Typically, scientists use electricity to drive samples through the channels. In one form of stimulation, electro-osmosis, computer-driven power supplies located in reservoirs at each end of a channel are activated to generate electrical current through the channel. The current forces molecules with different electrical charges in fluids to travel through the channels at different rates; a typical speed is one millimeter per second. Another type of electrokinesis -- electrophoresis -- is simply a microminiaturized version of an analytical approach routinely used in chemistry laboratories. An electric field influences the movement of charged molecules in microfluids moving through the channels. Scientists can use electrophoresis to move molecules in solution or to separate molecules with very subtle differences.
Electrokinesis isn't the only method of choice for driving microfluids. For example, small amounts of pressure applied to microfluids traveling through channels create extremely predictable and reproducible flow. And last year Princeton Univ. researchers Sandra Troian and Dawn Kataoka (who has since moved to Sandia) showed that temperature gradients can move tiny volumes of liquids around nano-sized canals in silicon wafers. This occurs because the surface tension of the microfluids varies with temperature; a temperature gradient of just three or four deg. C is enough to cause a microfluid to seek a cold region in its pathway. Chemical modifications to the substrate applied by lithography amplify the effect by creating a series of chemical levees along the canals.

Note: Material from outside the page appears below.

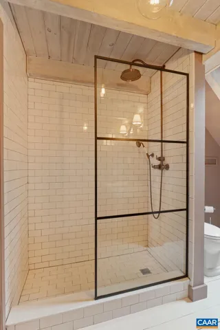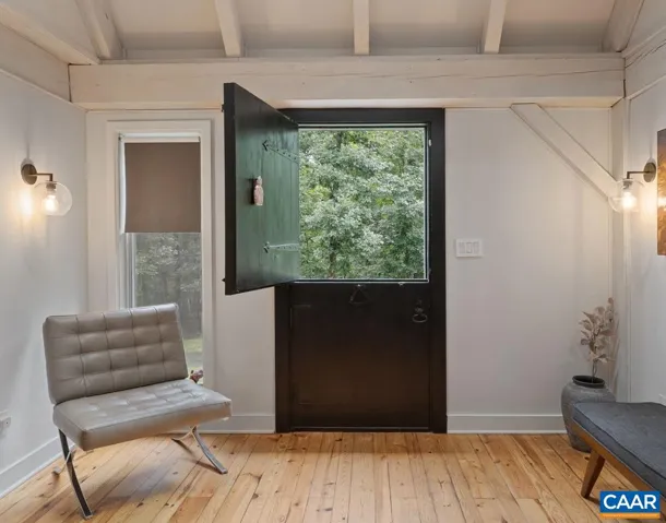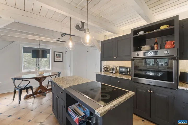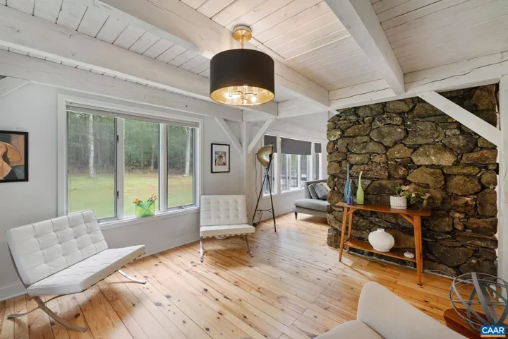 Experience contemporary design and classic craftsmanship in this custom post-and-beam home on four acres in historic Advance Mills Village. Enjoy winter mountain views from this southern-facing residence, offering 3,150 finished square feet on three levels. Inside, natural wood surfaces abound?PA hemlock posts and beams, cypress exterior, and pine floors and ceilings. A floor-to-ceiling stone fireplace and wood stove add cozy charm. The chef?s kitchen features stainless appliances, granite counters, an induction cooktop, a convection wall oven, and heated Italian ceramic tile floors. Energy efficiency is ensured with R-22 walls, Anderson windows, and six ductless mini-split systems. A professionally conditioned crawl space and southern orientation help keep energy costs low. A spacious third-floor great room offers loads of potential. Surrounded by mature hardwoods, this home combines timeless style with modern convenience and flexible living spaces. A short 10 – 15 minute drive to a variety of shopping and restaurant options. UVA Research Park and Rivanna Station are close by as well. Easy commute to DC via train or car.,Fireplace in Living Room

Microfluidic technology has made its most significant mark in biological chips designed to facilitate identification of DNA sequences. "The largest part of microfluidics is in DNA assays at present," said Carlos Mastrangelo of the Univ. of Michigan, who is currently on sabbatical at IntelliSense Corp. (Wilmington, MA). Craighead said, "We're seeing commercialization of more rapid DNA sequencing, chemical analysis systems, and systems for manipulating cells and doing other biological procedures."

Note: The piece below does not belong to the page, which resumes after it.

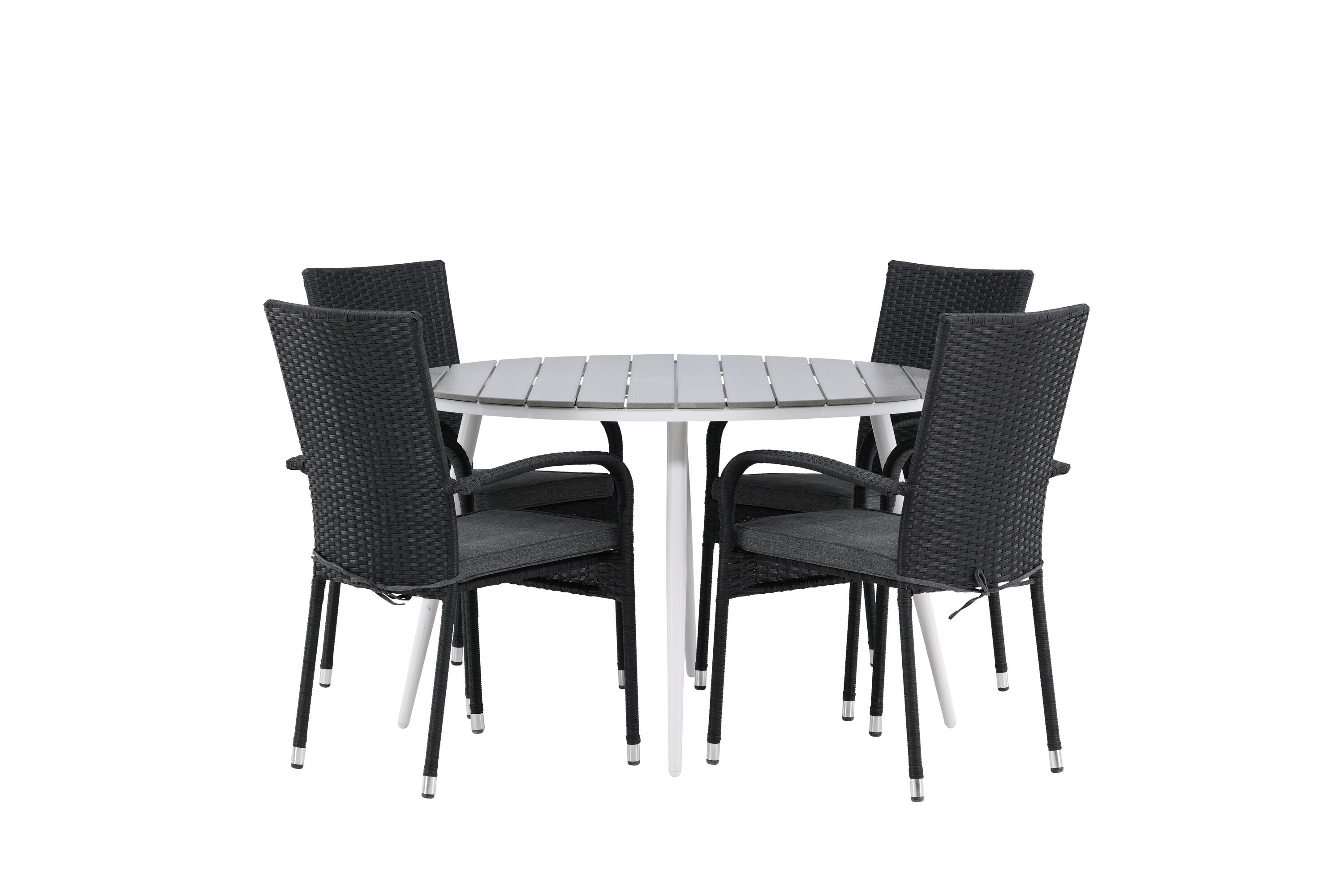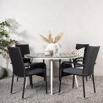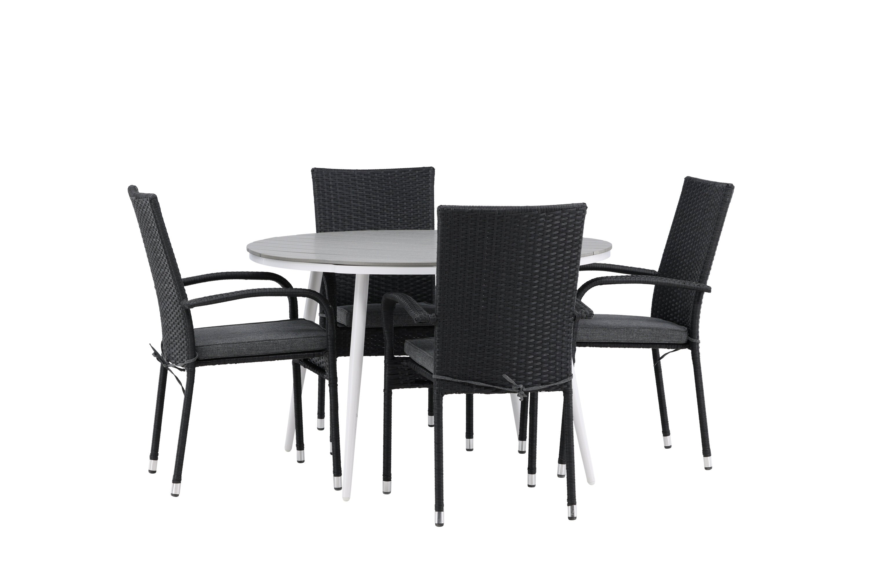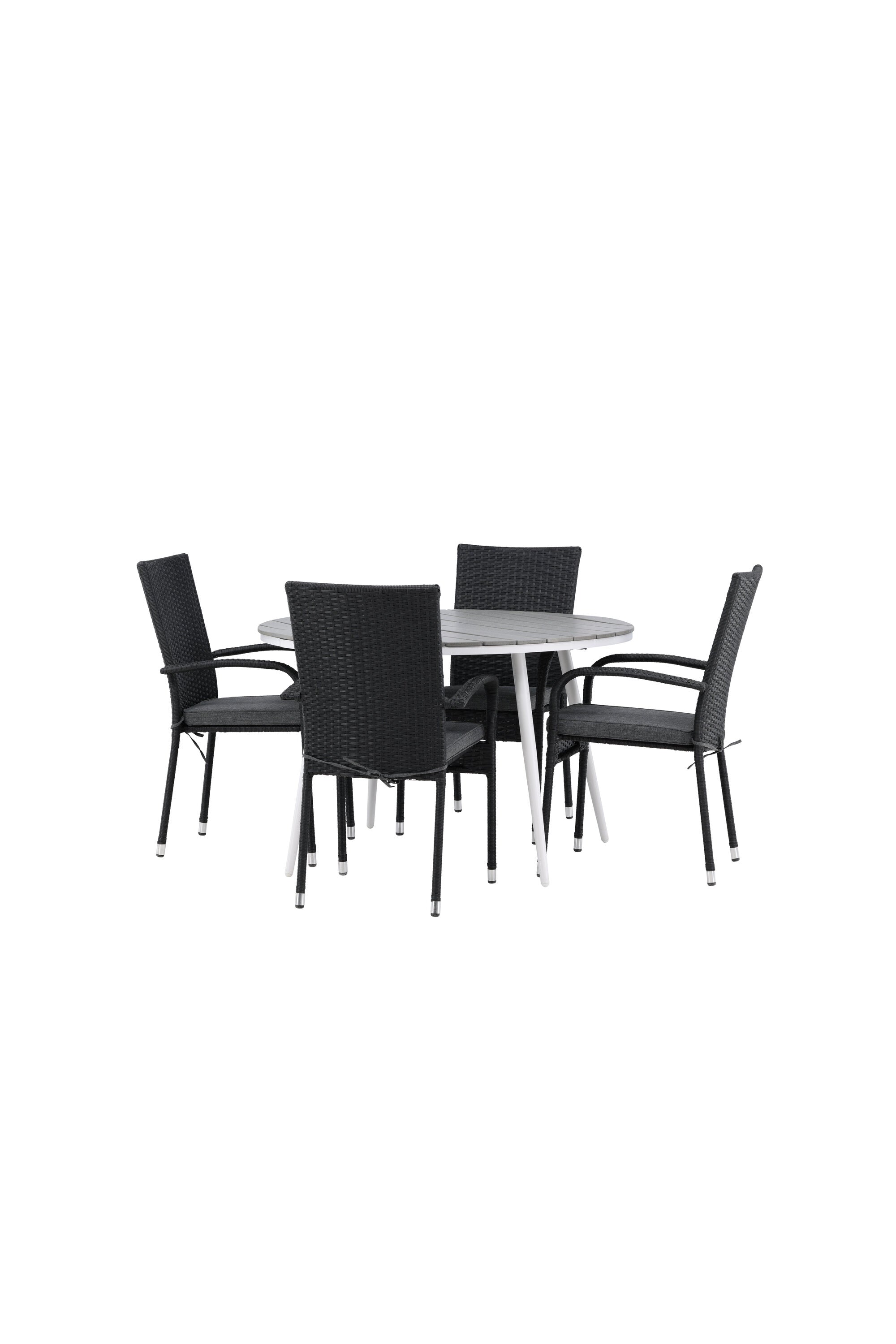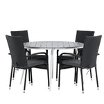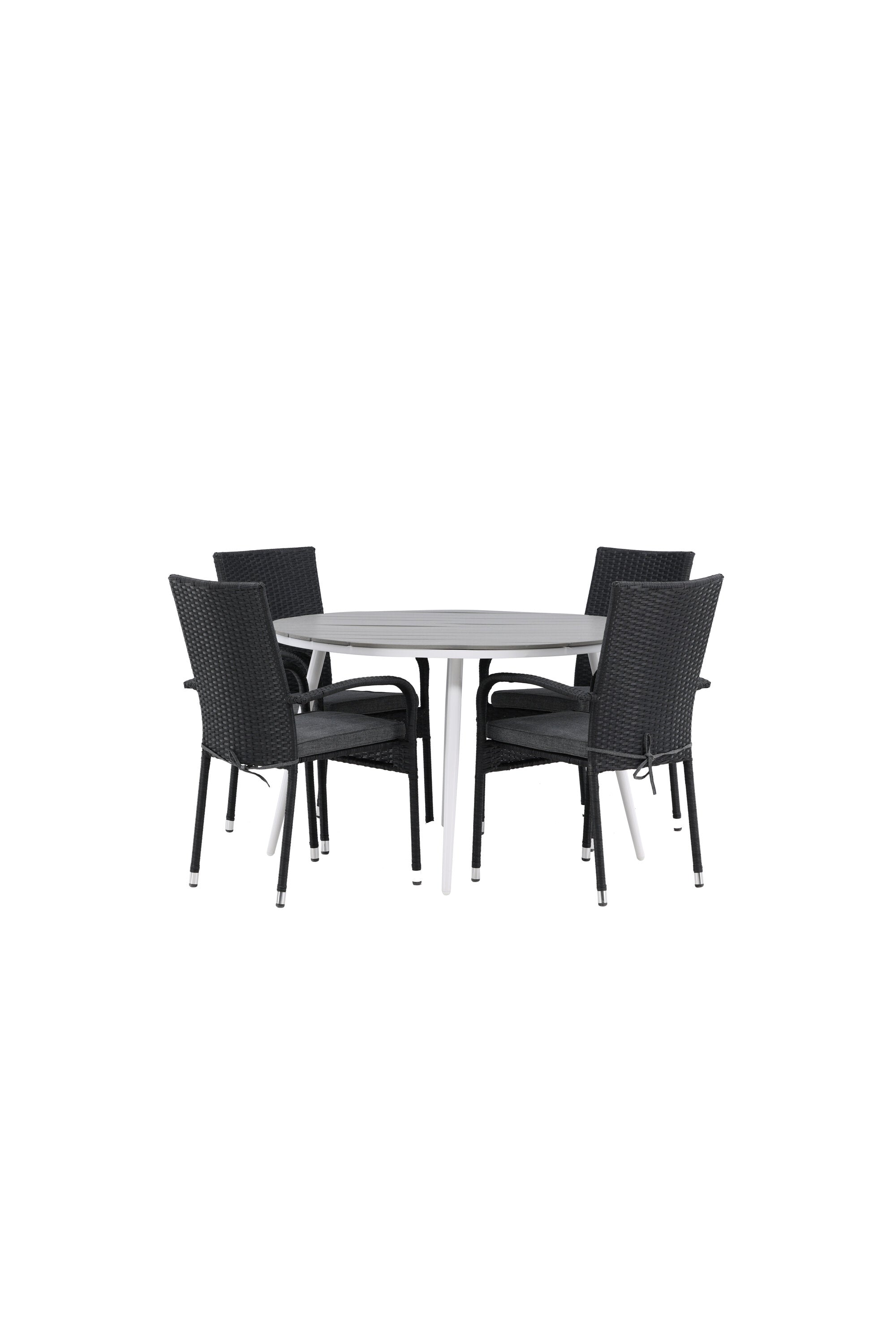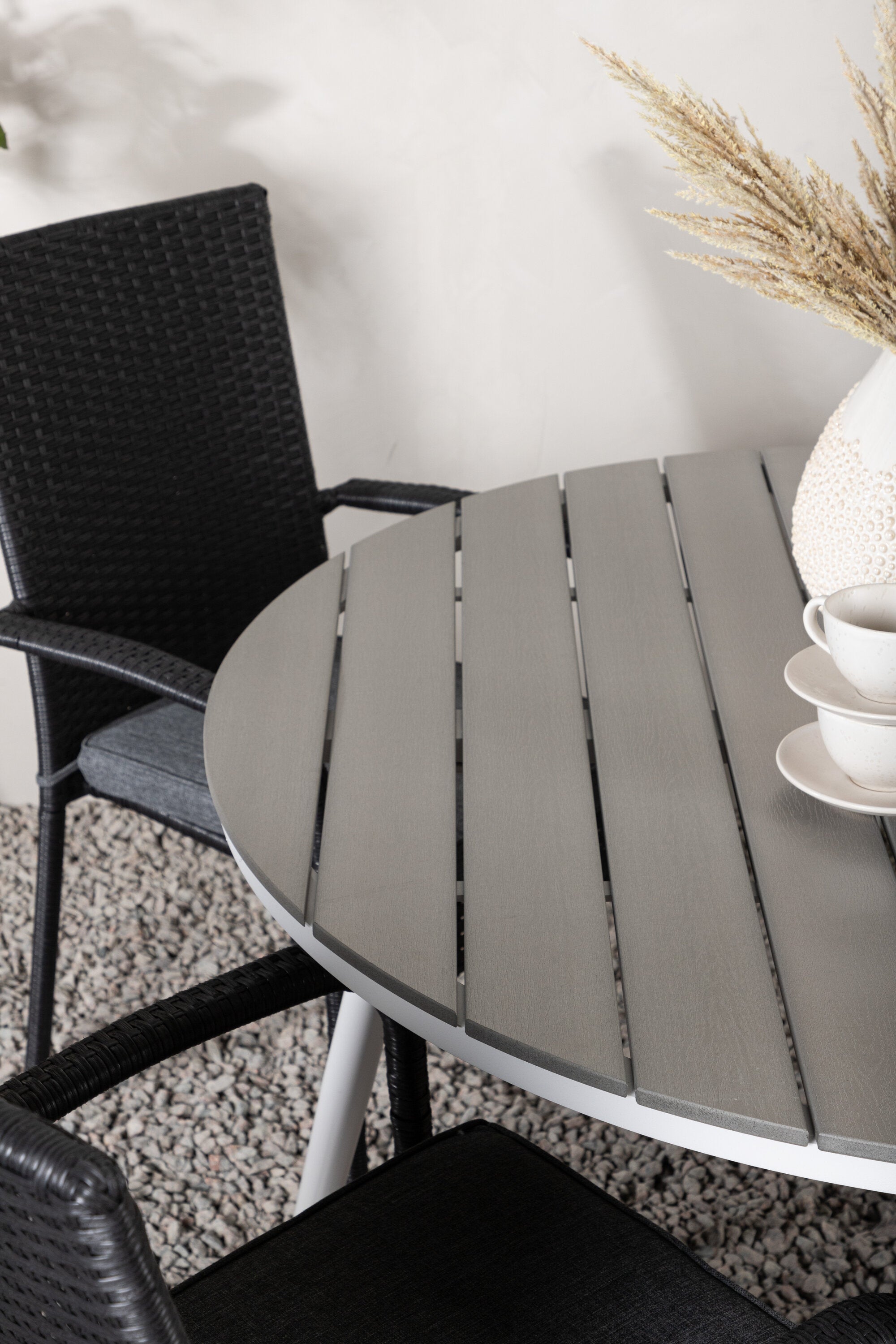 Pohodlně se usaďte v příjemné jídelní skupině, kde nikdo neriskuje, že se dostane na okraj! Jídelní stůl Break má klasický design s kulatou stolní deskou v šedé barvě Aintwood a lehce rozšířenými nohami z bílého hliníku. Rozměry: 120ø cm. Zde v moderní kombinaci s pohodlnými jídelními židlemi ze série Anna. Židle je vyrobena z umělého ratanu, má integrované područky, je stohovatelná a dodává se v lahodné černé barvě, kterou lze snadno sladit s dalším nábytkem. Připravte se letos v létě před nočním životem a vychutnejte si jídlo venku!

The microfluidic approach has had relatively little influence on the Human Genome Project, the most ambitious application to date of DNA sequencing technology. But several companies are now developing microfluidic systems that will take on the next series of sequencing challenges, which will involve more detailed explorations of the human genome and others. Several young companies have already started to develop proprietary chips that will use microfluidics to face this daunting challenge.

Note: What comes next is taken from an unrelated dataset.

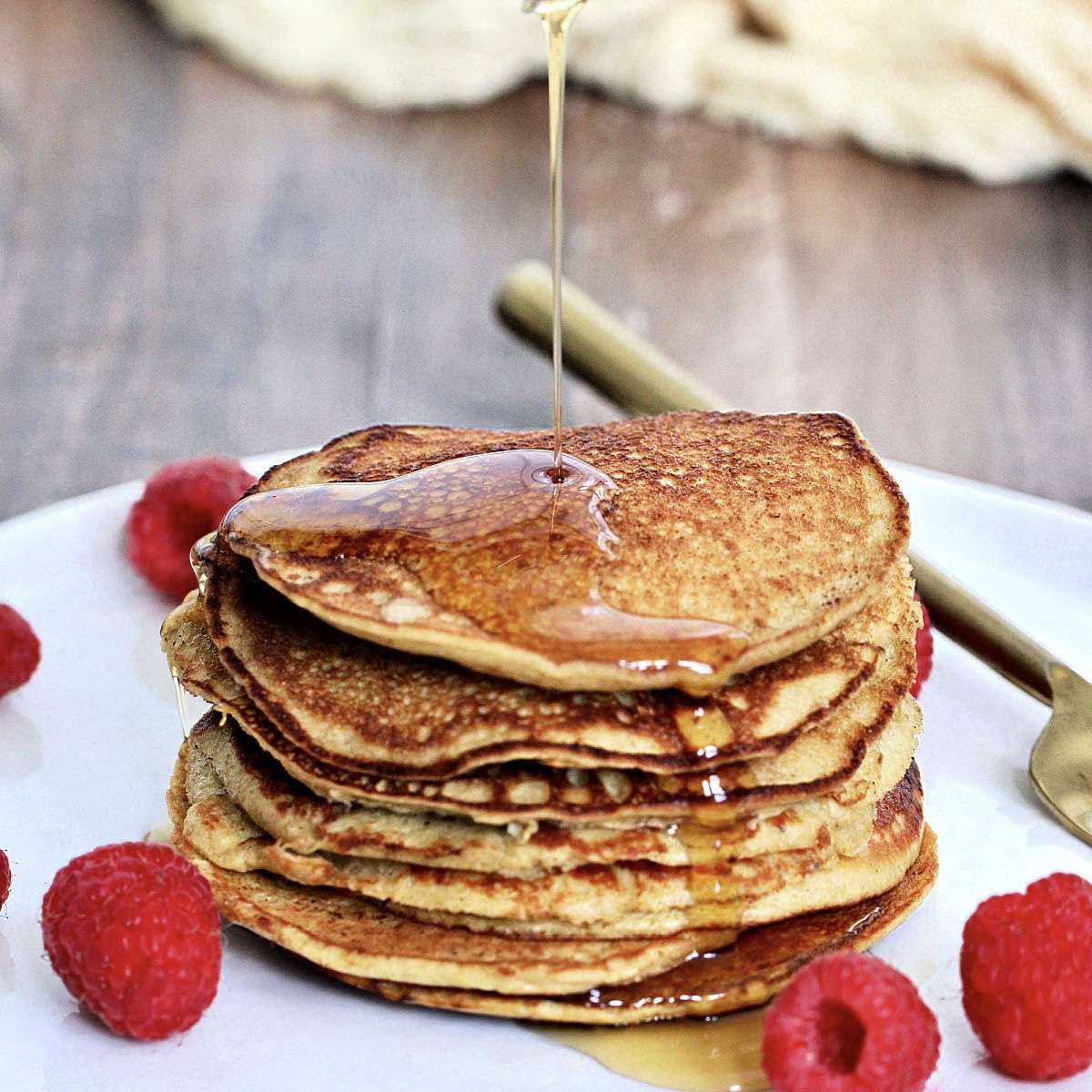 - Top pancakes with your favorite toppings like fresh berries, maple syrup, Greek yogurt or peanut butter.

Two relatively new firms illustrate the commercial promise. Caliper Technologies, Inc. (Mountain View, CA), which went public last year, has devised a "lab on a chip" technology that uses both computer-controlled pressure and electrokinetic forces to gain exact control over the flow of fluids in microfluidic channels. The company says that its complex channel designs permit standard laboratory bench procedures such as mixing, incubating, and separating to be carried out in volumes as small as a nanoliter. Cepheid, (Sunnyvale, CA), a company founded in 1996, is putting together a portfolio of proprietary technologies designed to automate complex DNA detection procedures, from preparing and processing samples to analysis and real-time detection. The company has recently received a joint award from the Defense Advanced Research Projects Agency to develop an integrated microfluidic system that will automatically detect biological agents and genetically engineered variants of them.
A former science editor of Newsweek, Peter Gwynne is a free-lance science writer based in Marstons Mills, MA.